Good morning! Here’s what’s up.

Clips ✂️
Ripple to Drop Cross-Appeal Against SEC, Ending Years-Long Legal Battle With SEC
The years-long legal battle between Ripple and the U.S. Securities and Exchange Commission (SEC) appears to have finally come to an end, after Ripple Labs CEO Brad Garlinghouse announced Friday that the company plans to drop its cross-appeal in the case.
“Ripple is dropping our cross appeal, and the SEC is expected to drop their appeal, as they’ve previously said,” Garlinghouse wrote on X. “We’re closing this chapter once and for all, and focusing on what’s most important – building the Internet of Value. Lock in.”

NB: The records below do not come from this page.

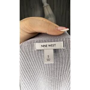 Keywords: Nine West cardigan, women's blue sweater, long sleeve cardigan, open front sweater, casual fall sweater, rayon cardigan, solid pattern sweater, women's regular size cardigan, China-made sweater, women's fashion, pre-owned women's cardigan, stylish blue cardigan, fall fashion sweater, women's casual wear, versatile women's sweater.
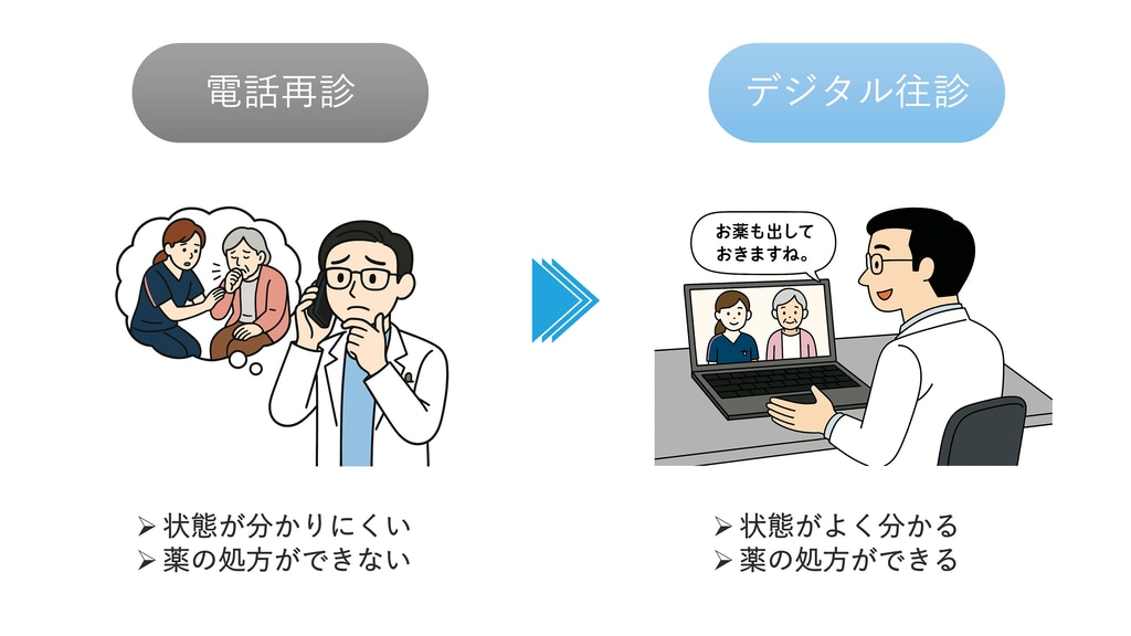 訪問看護師が発見した患者さんの体調変化や軽い外傷などのマイナートラブルに対しては、往診に加えて電話再診が一般的に行われていますが、音声のみによるコミュニケーションでは状態把握が十分でなく、また薬剤処方もできないという問題があります。オンライン診療を活用すると、ビデオ映像を通じて状態をよく観察することができ、薬剤処方することもできます。
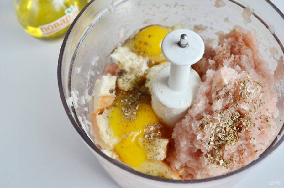 4. В куриный фарш добавьте сырые яйца, специи, соль, хлеб с молоком, сливки. Можно добавить зелень. Включите машинку еще на минуту.
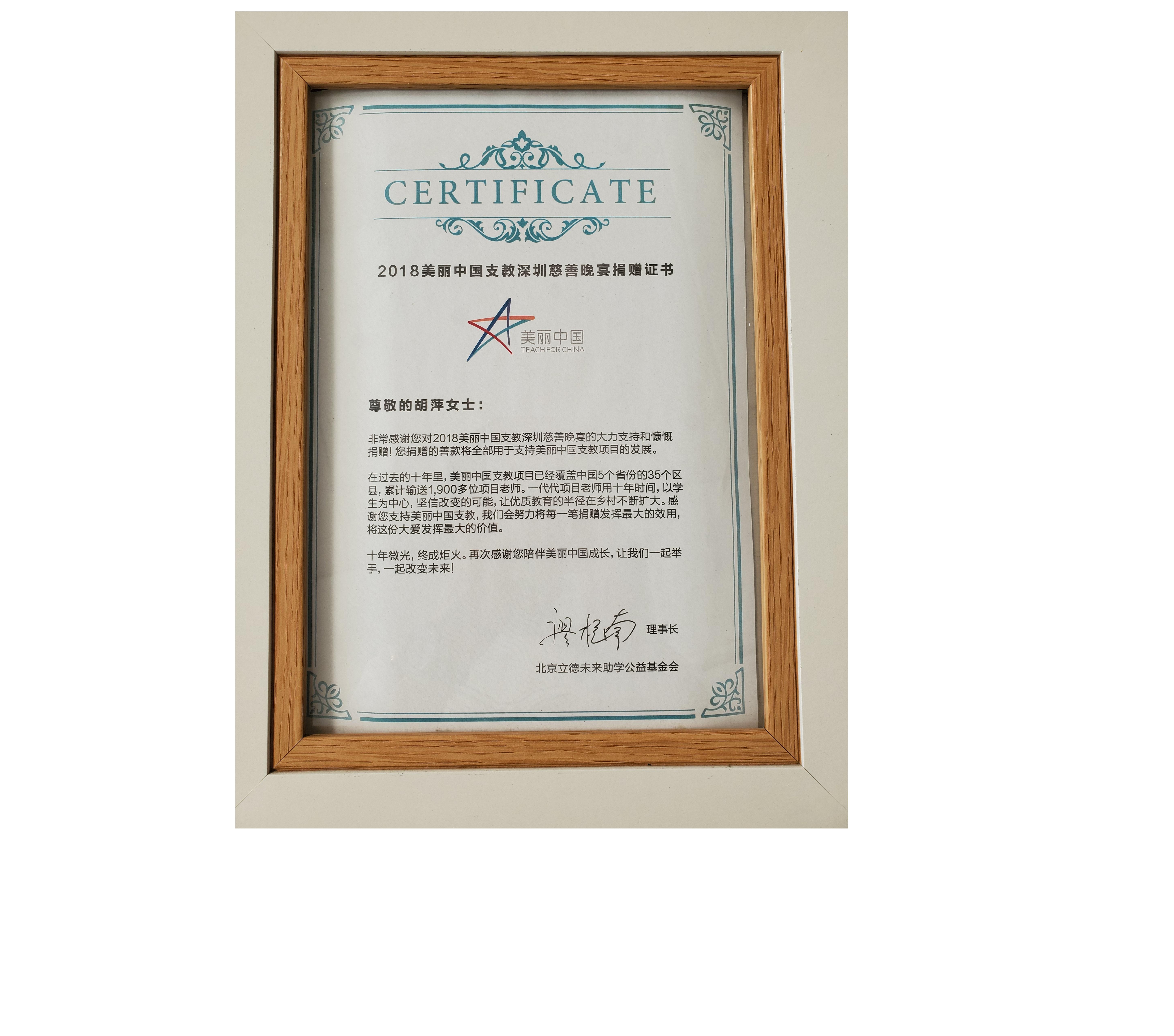 • 美丽中国支教深圳慈善晚宴捐赠证书

👉 As discussed in this Bloomberg Law article,
If the parties drop the appeals, the injunction stays in place and Ripple won’t be able to sell its XRP token to institutional investors, attorneys told Bloomberg Law. It will also have to pay $75 million more than the SEC agreed to in the proposed settlement. But if they move forward with their appeals, they risk creating a precedent unfavorable for the crypto industry, attorneys said.
Two Workers for SEC’s EDGAR System Charged with Insider Trading
Two men who worked for the Securities and Exchange Commission’s EDGAR public filing system were charged with insider trading after allegedly pocketing $1 million by stealing non-public information obtained through their jobs.

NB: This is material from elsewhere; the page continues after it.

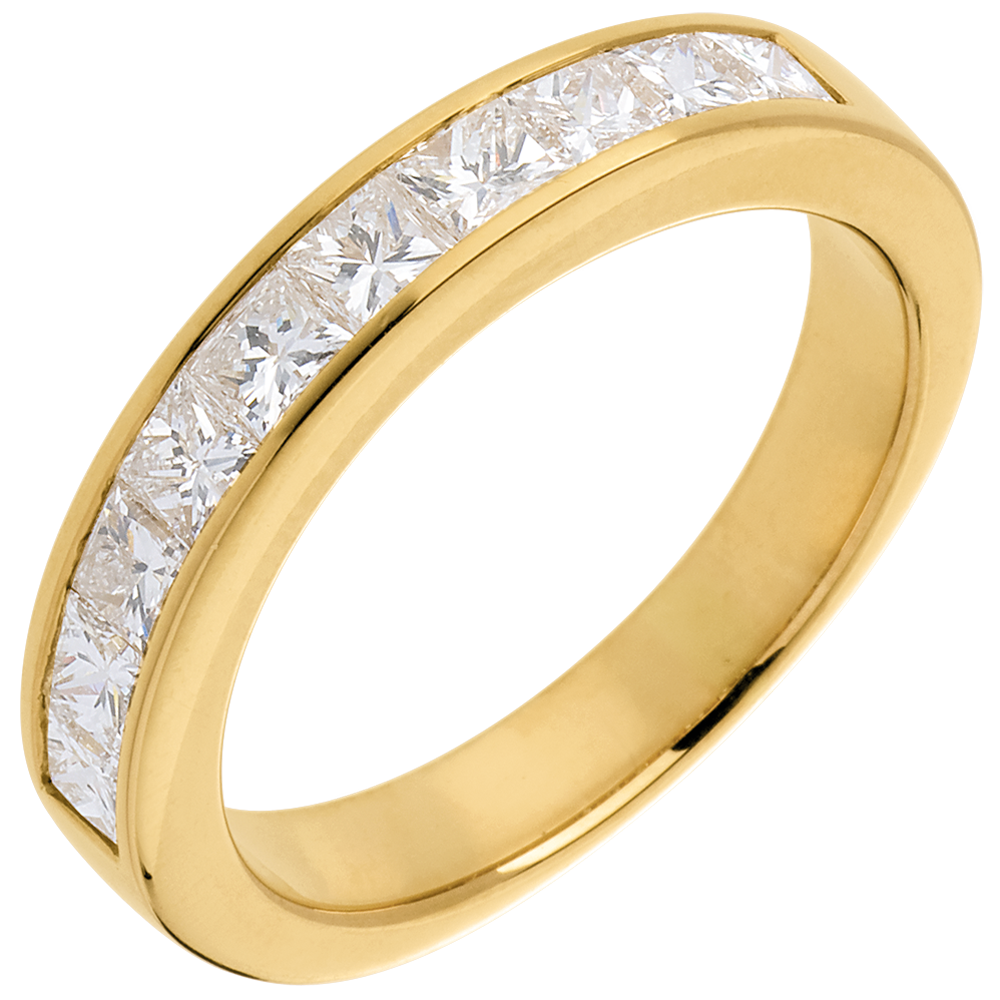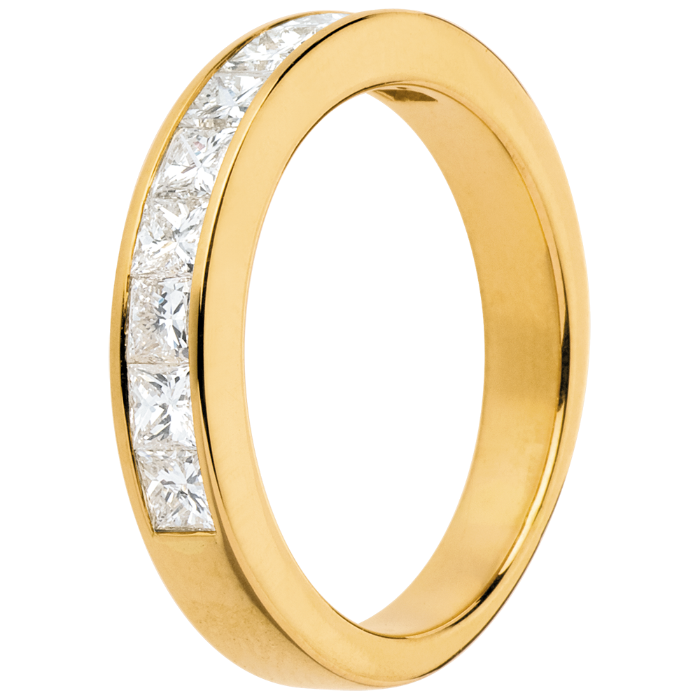 Een ring met vierkante doorsnede en halfronde pavézetting met geslepen diamanten.
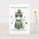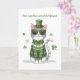 This playful St. Patrick's Day card features a stylish cat dressed in a patterned green sweater, a bowtie, and a hat with a buckle, surrounded by vibrant shamrocks. The cheerful design is full of charm and feline flair, perfect for celebrating the holiday with a touch of humour. The inside message combines Irish cheer with a cat-themed twist, making it a unique and fun way to send St. Patrick's Day wishes to anyone who loves cats or enjoys a bit of lighthearted fun.

Justin Chen and Jun Zhen, both of Brooklyn, New York, were charged in a federal complaint with obtaining material, non-public information about companies like Purple Innovation Inc., Ondas Holdings Inc., SigmaTron International Inc., and Signing Day Sports Inc. through their work at EDGAR, according to Brooklyn US Attorney Joseph Nocella.
Prosecutors say that between March and June 2025 the pair engaged in a scheme to obtain information about these companies, which announced they had entered into merger agreements or partnerships “that resulted in significant increases in the share price of each company’s stock.”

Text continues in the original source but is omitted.